There are probably few people brave enough to step up to a canvas with a piece of chalk and start drawing in front of a room full of carefully watching eyes, especially having never done a chalk drawing before — but Bill Cox did.
He now is celebrating a half-century milestone of his “Art to Heart” ministry by doing 50 chalk drawings at churches and other venues.
But today Art to Heart is more than chalk drawings with special effects lighting, Cox says. The creative arts ministry also includes music by him and his wife, Kathy, and dramatic monologues.
How it began
Cox began doing chalk drawings as a substitute artist on a missions trip led by Bobby Haley, then youth minister at First Baptist Church Spartanburg, South Carolina. George Schrieffer, minister of education, was planning to do chalk drawings at each of the 12 churches in Bell County, Kentucky, where the missions volunteers were serving that year. When Schrieffer was called away by a death in the family, Cox stepped up.
“We had been telling everybody about the chalk drawings as a special end-of-the-week highlight, and I suggested to Bobby that I might could fill in for George to keep the kids we were working with from being disappointed,” Cox recalled.
He stayed up most of the night preparing a soundtrack and makeshift setup using a paper tablecloth, Crayola sidewalk chalk, a borrowed projector and color-tinted cellophane for “special effects.”
Though he initially was skeptical, Haley was impressed enough by Cox’s handiwork to give the nod: “I don’t believe it. Let’s do it.”
Although the drawings were “certainly nowhere near as good as what George had been doing,” the kids seemed to love them, and God used it, Cox recalled.
“I never could have dreamed at that point just how many places those chalk drawings would take us,” he added.
Cox has had lots of practice in the 49 years since, and made extensive improvements in lighting for his drawings, which appeal to both youth groups and senior adult ministries.
He has done them in churches of all sizes, as well as for Baptist Collegiate Ministries, on missions trips, during numerous state and national conferences, and in civic centers and arenas.
“It’s very much a worship experience,” Cox noted. “We focus on Christ, and it is a time to be still and to know that He is God, and to be led by what we see, what we hear, and to be led by His Spirit.

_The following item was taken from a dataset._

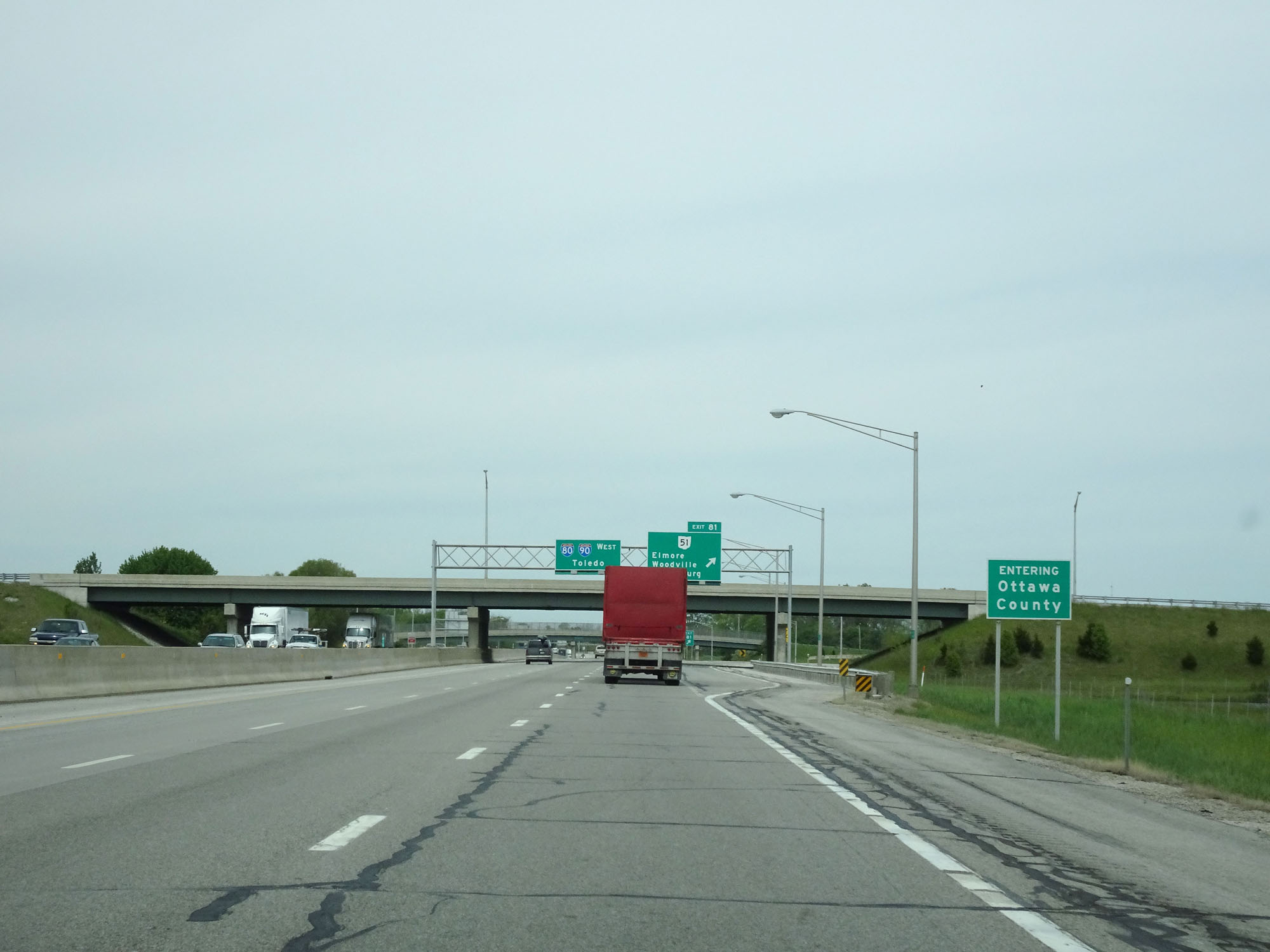 Interstate 80 / Interstate 90 West (Ohio Turnpike) entering Ottawa County.  (Photo taken 5/20/16).

“But the drawing that we do the most — spoiler alert — is a drawing of the crucifixion and resurrection, and it’s a very powerful message.”

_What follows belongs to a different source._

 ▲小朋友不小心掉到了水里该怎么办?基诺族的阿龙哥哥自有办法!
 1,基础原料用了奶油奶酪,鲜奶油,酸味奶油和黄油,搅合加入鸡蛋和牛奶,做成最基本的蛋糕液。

While some have asked if — after 50 years of drawing — Cox has grown used to it, he said not yet. “I honestly haven’t. … It’s still a worship experience for me just to see, even though I’m drawing it, the pictures come alive and to hear the message of the music, and to just be praying that God would speak to us. He has been obviously very faithful in doing that consistently over many, many years.”
Art to Heart is just one of the many aspects of Cox’s itinerant ministry, Concoxions. A former youth evangelism director for the South Carolina Baptist Convention, Cox may be remembered by many who years ago attended youth events such as “Evangelympics” and “That Big Youth Thing.”

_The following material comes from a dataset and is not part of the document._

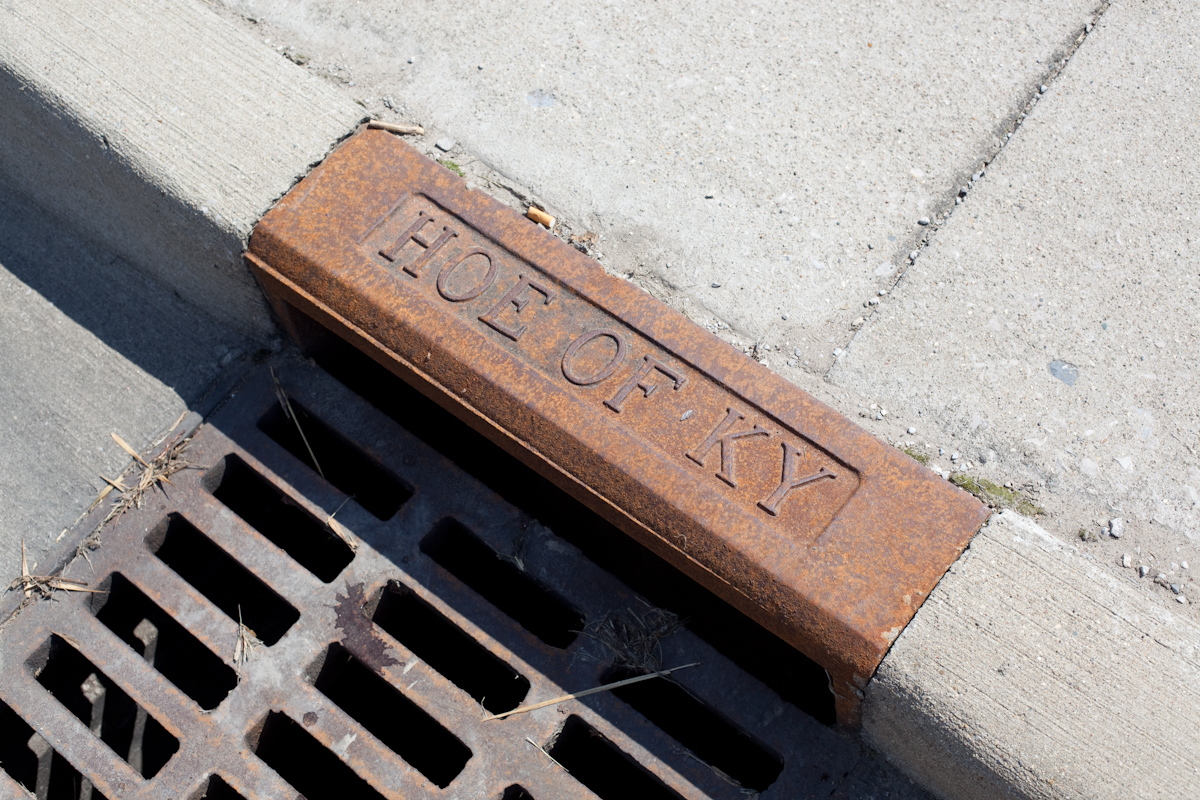 I have some trips to post about, some pictures I want to record here, and some things that I just want to write down, so hopefully I’ll be back soon, but I probably shouldn’t make any promises in case it’s another 2 weeks.  Here’s a preview of one of the trip posts, anyway. I went to Kentucky last weekend to see two of my sisters and this is one of the things I found affixed to a storm drain in that fascinating place. If you can tell me what it means, I’d love that. I’m sure I can google it, but I’m too tired right now.

He is perhaps better known, however, for organizing Seesalt summer student conferences for 34 years, coordinating Chillipepper Conferences for 25 years in Pigeon Forge, Tennessee, producing 90 shows of “Peace of ’72” at Fantasy Harbour in Myrtle Beach, South Carolina, and directing numerous theatre productions at Cornerstone Theatre in Lyman, South Carolina.
Even so, when he shared with his wife about his goal of doing 50 art drawings in the coming year, she expressed astonishment.
“She’s convinced me that she did not use the word ‘crazy’ in her reaction,” Cox chuckled, adding she did believe his goal was “very ambitious.”
A few weeks ago he launched the celebration by returning to Kentucky for an evening service at New Heights Church of Middlesboro. Plans are set to conclude next year on June 23 at First Baptist Spartanburg. In the meantime, there are still plenty of open dates, Cox said.
“It seriously doesn’t matter that much to us the size of the church,” he noted. “We love being able to share Art to Heart with as many people as possible, and that’s really what the 50th anniversary is all about — just trying to continue to minister in this way as much as we possibly can.”